Task inputs -
------------
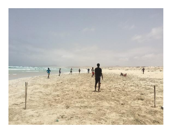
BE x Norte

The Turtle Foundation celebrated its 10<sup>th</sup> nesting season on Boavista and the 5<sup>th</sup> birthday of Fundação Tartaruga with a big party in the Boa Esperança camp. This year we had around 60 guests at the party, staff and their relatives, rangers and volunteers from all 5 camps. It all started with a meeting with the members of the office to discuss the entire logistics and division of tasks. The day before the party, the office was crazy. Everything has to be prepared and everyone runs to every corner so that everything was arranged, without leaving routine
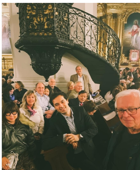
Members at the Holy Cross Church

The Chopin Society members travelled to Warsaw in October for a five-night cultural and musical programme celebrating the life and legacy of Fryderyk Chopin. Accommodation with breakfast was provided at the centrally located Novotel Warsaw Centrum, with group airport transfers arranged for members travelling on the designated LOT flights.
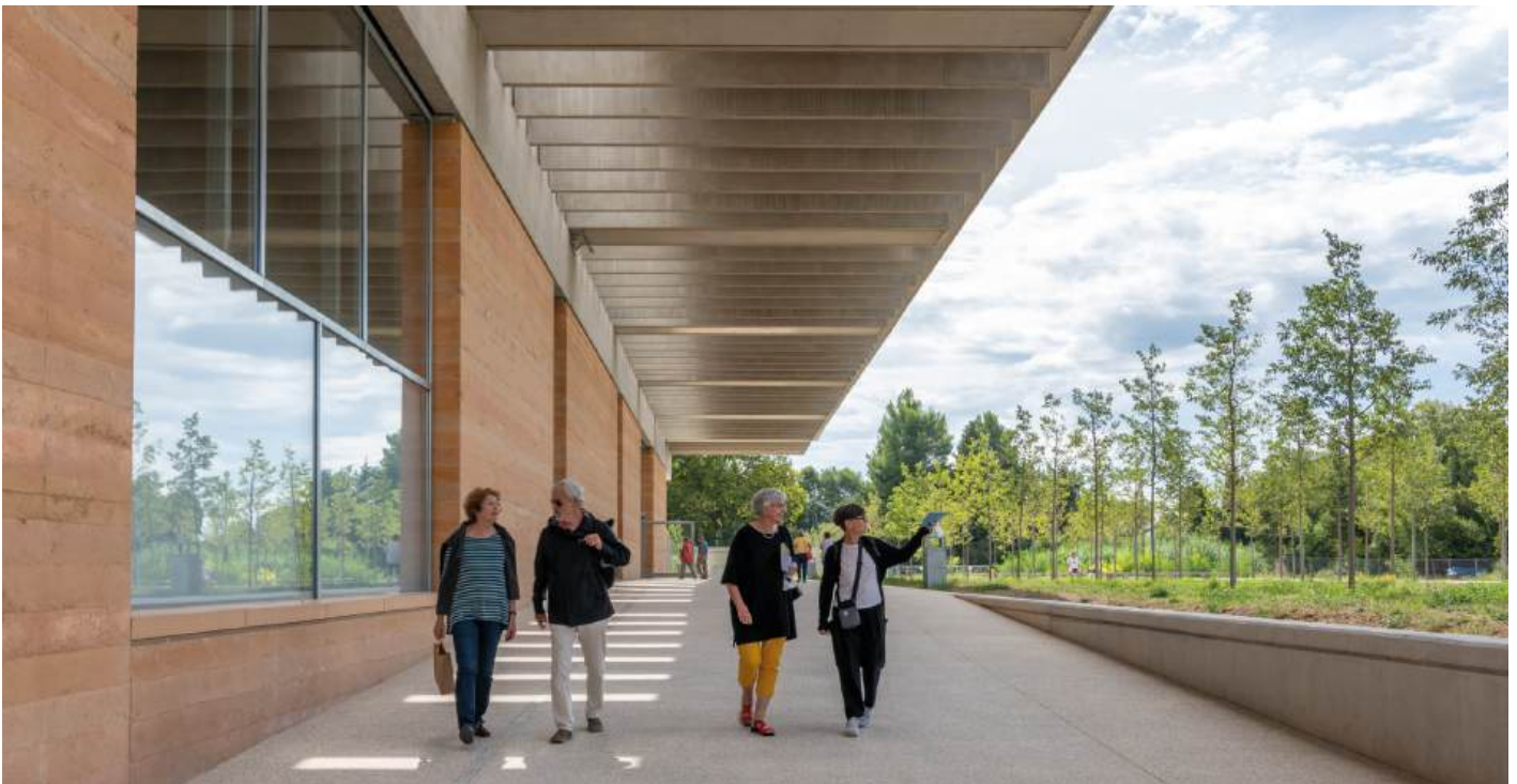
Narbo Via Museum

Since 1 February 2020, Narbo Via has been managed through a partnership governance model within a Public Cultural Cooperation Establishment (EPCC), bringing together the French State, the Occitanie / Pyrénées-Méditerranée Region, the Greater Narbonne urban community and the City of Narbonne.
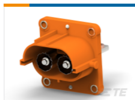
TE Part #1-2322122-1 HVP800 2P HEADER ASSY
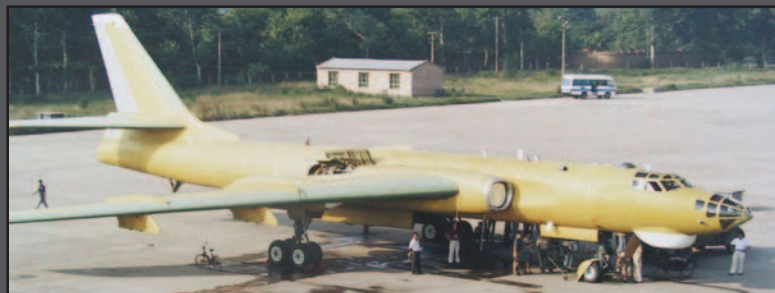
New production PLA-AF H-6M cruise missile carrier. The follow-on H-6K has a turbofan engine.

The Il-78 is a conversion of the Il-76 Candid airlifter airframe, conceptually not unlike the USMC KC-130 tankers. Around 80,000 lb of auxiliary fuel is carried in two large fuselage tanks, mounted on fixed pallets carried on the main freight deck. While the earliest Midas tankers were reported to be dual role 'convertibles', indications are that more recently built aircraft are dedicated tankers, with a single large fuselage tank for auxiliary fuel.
------------
Exercise prompt - Using the data above, return the lines from the one holding "Since 1 February" through the one holding "New production PLA-AF" exactly, but not the pictures.

Answer to this exercise -
Since 1 February 2020, Narbo Via has been managed through a partnership governance model within a Public Cultural Cooperation Establishment (EPCC), bringing together the French State, the Occitanie / Pyrénées-Méditerranée Region, the Greater Narbonne urban community and the City of Narbonne.
TE Part #1-2322122-1 HVP800 2P HEADER ASSY
New production PLA-AF H-6M cruise missile carrier. The follow-on H-6K has a turbofan engine.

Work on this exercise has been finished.